╭──

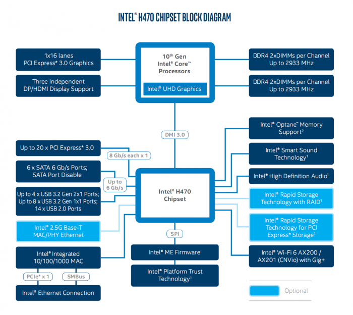 H470芯片组类似也是加入了2.5千兆有线网络、Wi-Fi 6无线网络,不过后者搭配的方案可选AX200、AX201,当然依然都是选配,具体看主板厂商如何设计。
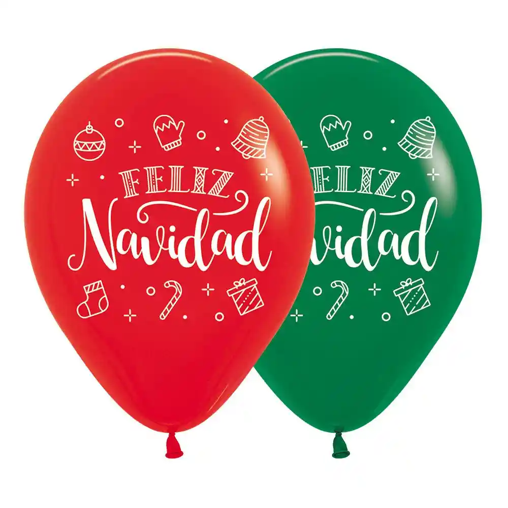 Globo de Navidad Fashion Surtido x12 globos con un estampado de Navidad, globos de dos colores Rojos y Verde, perfecto para las fiestas de navidad, decoracion de navidad, su diseño clásico y duradero garantiza que la diversión y el ambiente navideño duren durante toda la celebración.
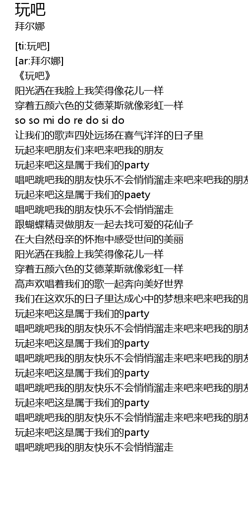 | [02:25.371] | 唱吧跳吧我的朋友快乐不会悄悄溜走来吧来吧我的朋友 |
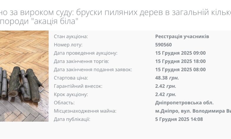 У Дніпрі державні виконавці дійшли до абсурду реальності воєнного часу: у місцевого жителя вилучили 12 дров акації, щоб частково погасити борг. Полінця офіційно арештували в межах виконавчого провадження та виставили на продаж через державний майданчик СЕТАМ. Стартова ціна — 48 гривень 38 копійок. Фото з лотом вже розлетілося соцмережами, викликавши хвилю жартів і дискусій про те, як працює система примусового стягнення.
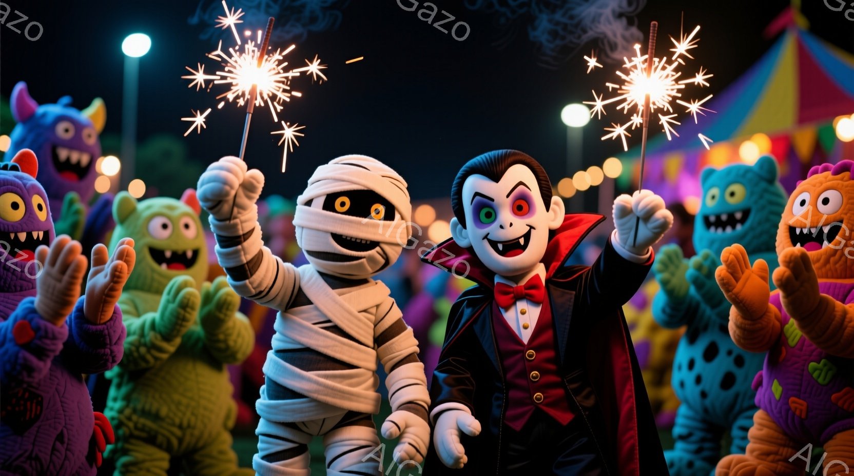 ハロウィーンの衣装を着た様々なモンスターたちが、夜の遊園地で花火を楽しんでいます。吸血鬼は黒い燕尾服と赤いマントを着て、片手に花火を持ってポーズをとっており、ミイラは包帯で全身を覆っています。背景には、明るい光に照らされた遊園地のアトラクションや建物があり、お祭り騒ぎの賑やかな雰囲気が漂っています。
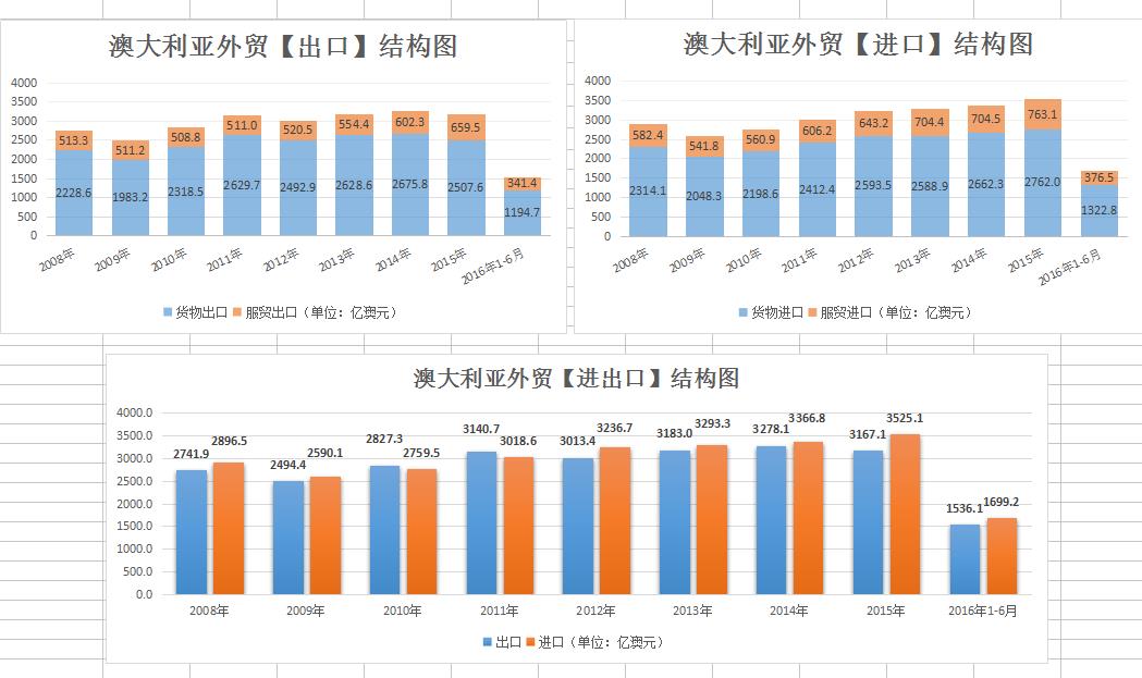 根據澳大利亞國家統計局公布的最新國際貿易數據表明,2016年1-6月澳大利亞貨物貿易進出口總額為2402億澳元,同比下滑4%;其中進口1234.2億澳元,出口1167.8億澳元,同比分別下降2.9%和5.1%;貿易順差66.4億澳元,較上年同期順差值(40億澳元)有所擴大。
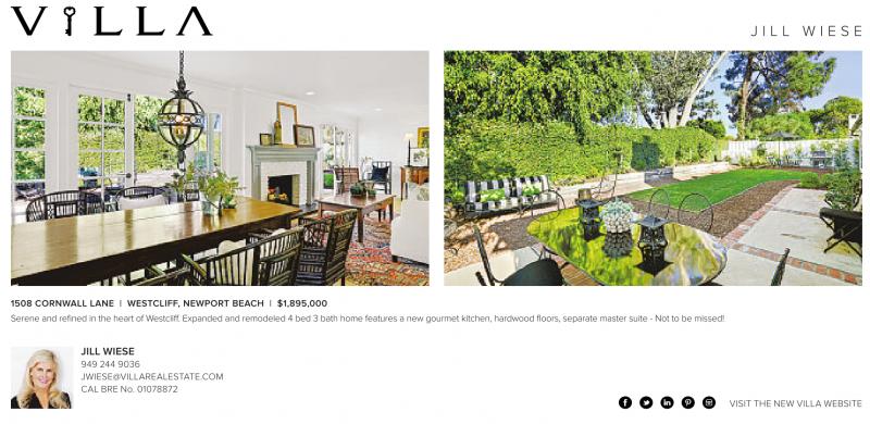 J I L L W I E S E 1508 CORNWALL LANE | WESTCLIFF, NEWPORT BEACH | $1,895,000 Serene and refined in theheartofWestcliff.Expandedand remodeled 4bed 3bath home features anew gourmet kitchen, hardwood floors, separate master suite -Not to be missed! JILL WIESE 949 244 9036 JWIESE@VILLAREALESTATE.COM CAL BRE No. 01078872 VISIT THE NEW VILLA WEBSITE
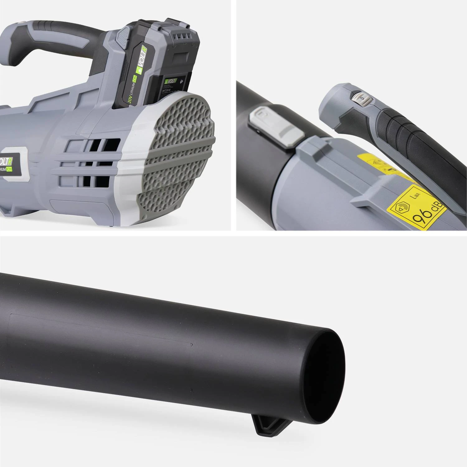 La batterie est fabriquée à partir de composants Lithium-Ion. C’est un gage de longévité et de qualité. En effet, les batteries Li-Ion apportent une puissance immédiate et continue, sans faiblir. Lorsque la batterie est déchargée, le souffleur s’arrêtera directement, sans signes de faiblesse au préalable. Alors, l’accumulateur est équipé d’un témoin LED qui permet de connaitre le niveau de charge de la batterie, à tout moment. Autre avantage de ce type de batteries, elles peuvent se recharger n’importe quand car il n’est pas utile d’attendre qu’elles soient vidées entièrement. La batterie est compatible avec les autres appareils 20V de la marque VOLTR. Avant la première utilisation, il faudra recharger complètement, une première fois, la batterie.
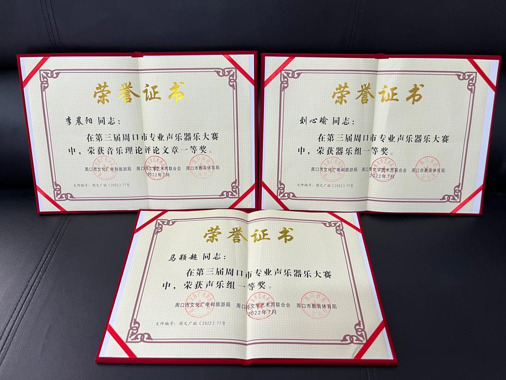 近日,由周口市文化广电和旅游局、周口市文学艺术界联合会、周口市教育体育局联合举办的第三届周口市专业声乐器乐大赛在市文化馆举办。公司派出音乐教研室马颖超、刘心瑜、李晨阳三名教师,分别参加声乐、器乐和音乐理论评论三项比赛,取得三个一等奖的优异成绩。
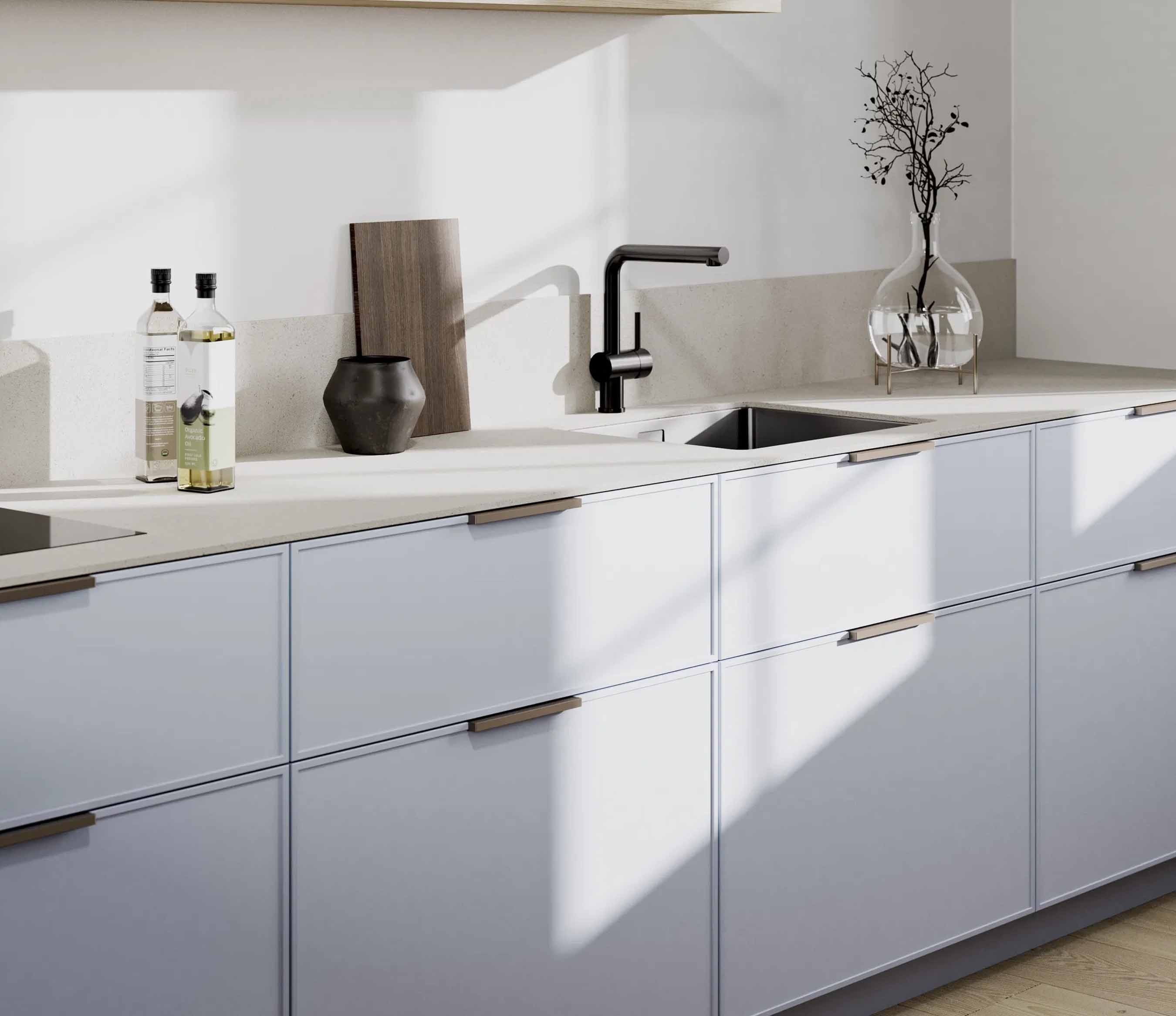 Des couleurs douces, des surfaces mates et des matériaux naturels créent des cuisines qui rayonnent de paix et de sécurité. Inspiré par l’attitude scandinave à l’égard de la vie, le concept hygge devient une attitude : des formes claires, des couleurs sobres et un design qui laisse place à la respiration. Des tons clairs comme le beige, l’abricot ou le blanc crème, combinés à un bleu subtil, au vert mousse ou au taupe, apportent légèreté et profondeur en même temps. Transformé en laque texturée, satinée mate, façades à cadre ou placages, le résultat est une cuisine harmonieuse, ralentissant l’atmosphère et, bien sûr, intégrée dans le salon.
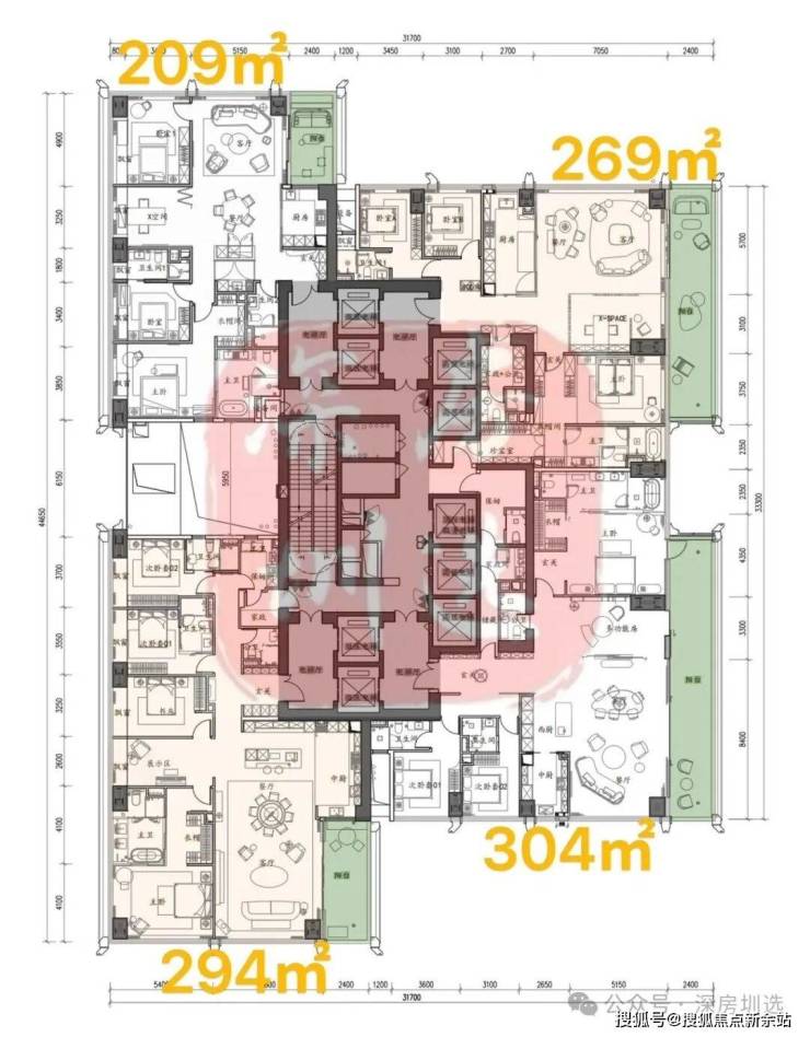 项目产品约: 209-269-295-305-375-403-500-700-1180平纯住宅大平层
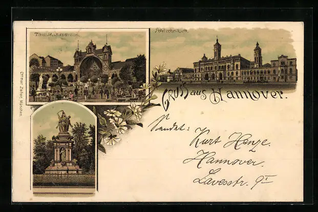 Lithographie Hannover, Polytechnikum, Tivoli Musikpavillon
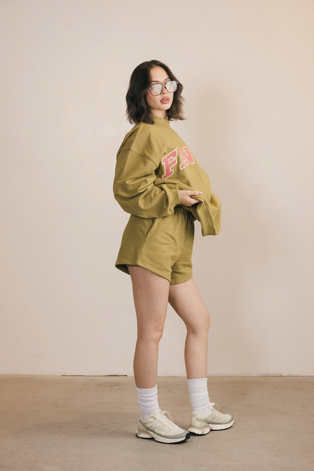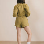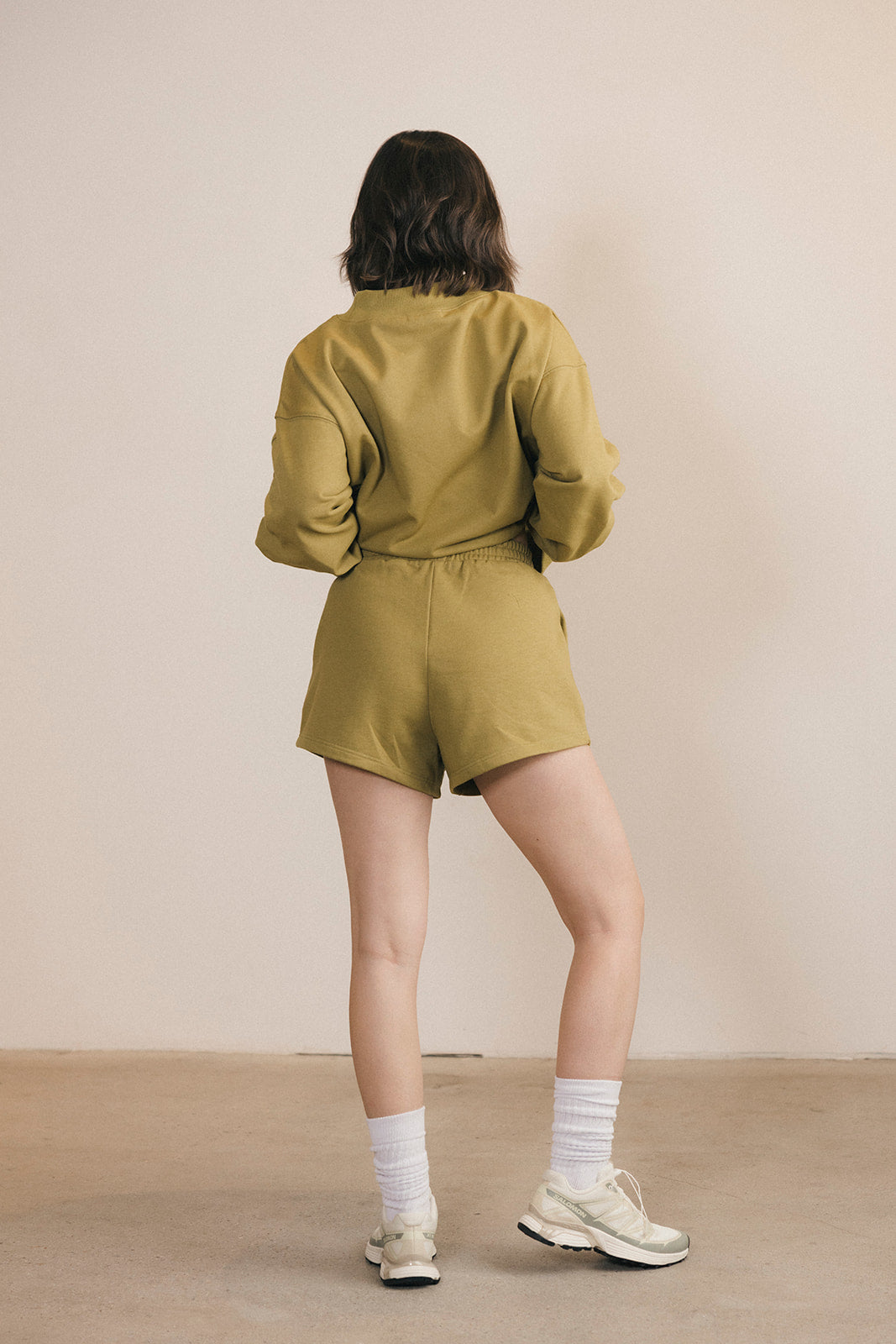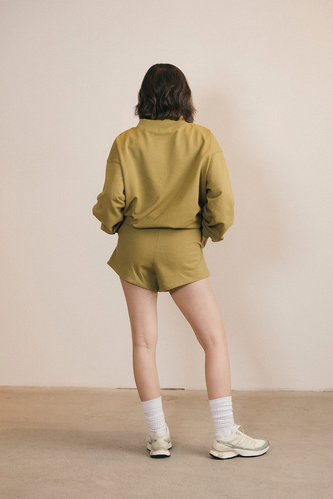 Model is wearing a XS/S mockneck and XS/S shorts.
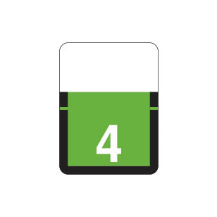 Tab 1306 numeric labels feature a wrap-around partial green background outlined in black with a white number. Each label is 1"H x 3/4"W before folding.
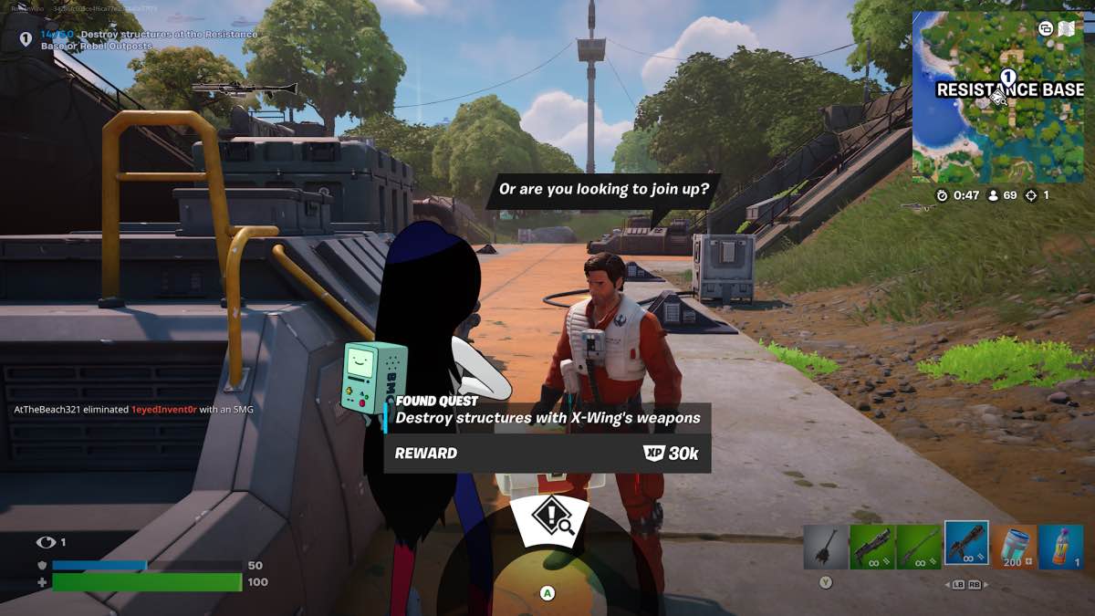 このストーリークエストは、抵抗基地で始まります。ここでは、近くでさまようポーダメロンと話す必要があります。飛行のレッスンの申し出を受け入れ、近くのX-wingの中に入り、飛び回り、車両の武器で25の構造を破壊します。
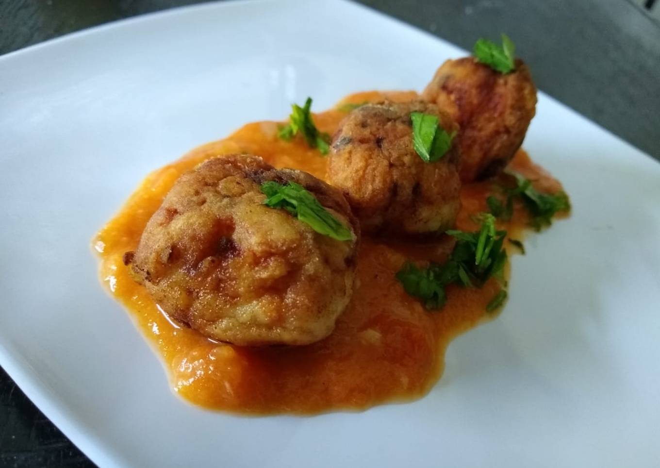 - Pasado este tiempo pasar las albóndigas por harina de trigo y freír en aceite bien caliente, servir con la salsa expres
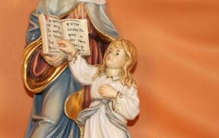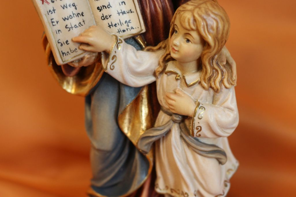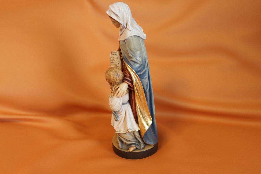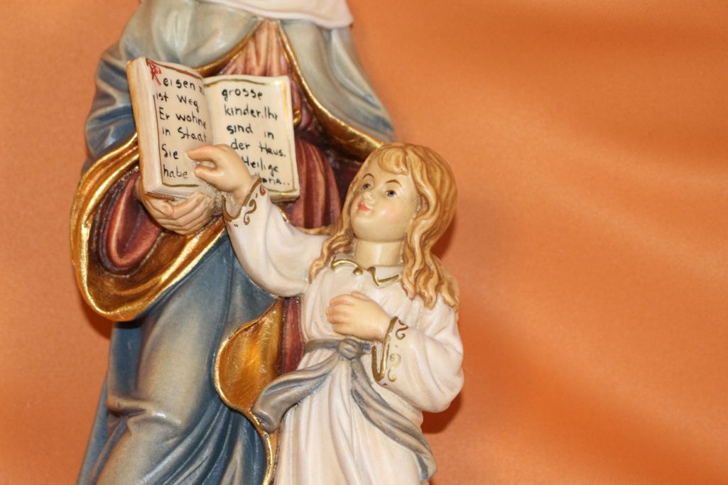 Hier wird die Heilige Anna dargestellt, wie sie der Mutter Maria das lesen beibringt.
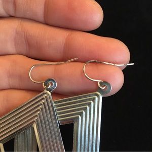 VINTAGE Silver Tone Diamond Shape Hook Dangle Earrings
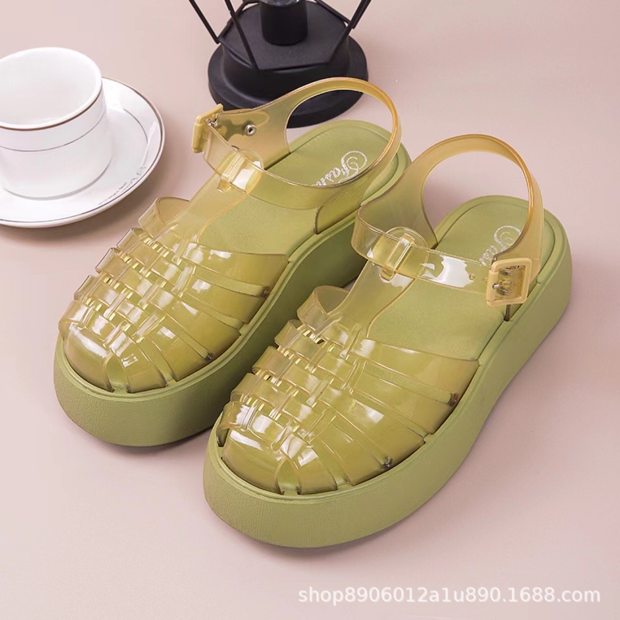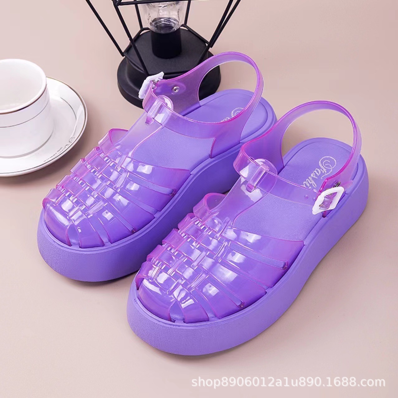 外国貿易のファッション水晶のサンダルの女性の夏の韓国版の学生は厚い底の滑り止めの包頭の通気性のローマのゼリーの靴を着ます。

╰──

Transcribe only the lines above that start at the line containing "[02:25.371] | 唱吧跳吧我的朋友快乐不会悄悄溜走来吧来吧我的朋友 |" and end at the line containing "J I L L W I". Omit pictures.

 | [02:25.371] | 唱吧跳吧我的朋友快乐不会悄悄溜走来吧来吧我的朋友 |
 У Дніпрі державні виконавці дійшли до абсурду реальності воєнного часу: у місцевого жителя вилучили 12 дров акації, щоб частково погасити борг. Полінця офіційно арештували в межах виконавчого провадження та виставили на продаж через державний майданчик СЕТАМ. Стартова ціна — 48 гривень 38 копійок. Фото з лотом вже розлетілося соцмережами, викликавши хвилю жартів і дискусій про те, як працює система примусового стягнення.
 ハロウィーンの衣装を着た様々なモンスターたちが、夜の遊園地で花火を楽しんでいます。吸血鬼は黒い燕尾服と赤いマントを着て、片手に花火を持ってポーズをとっており、ミイラは包帯で全身を覆っています。背景には、明るい光に照らされた遊園地のアトラクションや建物があり、お祭り騒ぎの賑やかな雰囲気が漂っています。
 根據澳大利亞國家統計局公布的最新國際貿易數據表明,2016年1-6月澳大利亞貨物貿易進出口總額為2402億澳元,同比下滑4%;其中進口1234.2億澳元,出口1167.8億澳元,同比分別下降2.9%和5.1%;貿易順差66.4億澳元,較上年同期順差值(40億澳元)有所擴大。
 J I L L W I E S E 1508 CORNWALL LANE | WESTCLIFF, NEWPORT BEACH | $1,895,000 Serene and refined in theheartofWestcliff.Expandedand remodeled 4bed 3bath home features anew gourmet kitchen, hardwood floors, separate master suite -Not to be missed! JILL WIESE 949 244 9036 JWIESE@VILLAREALESTATE.COM CAL BRE No. 01078872 VISIT THE NEW VILLA WEBSITE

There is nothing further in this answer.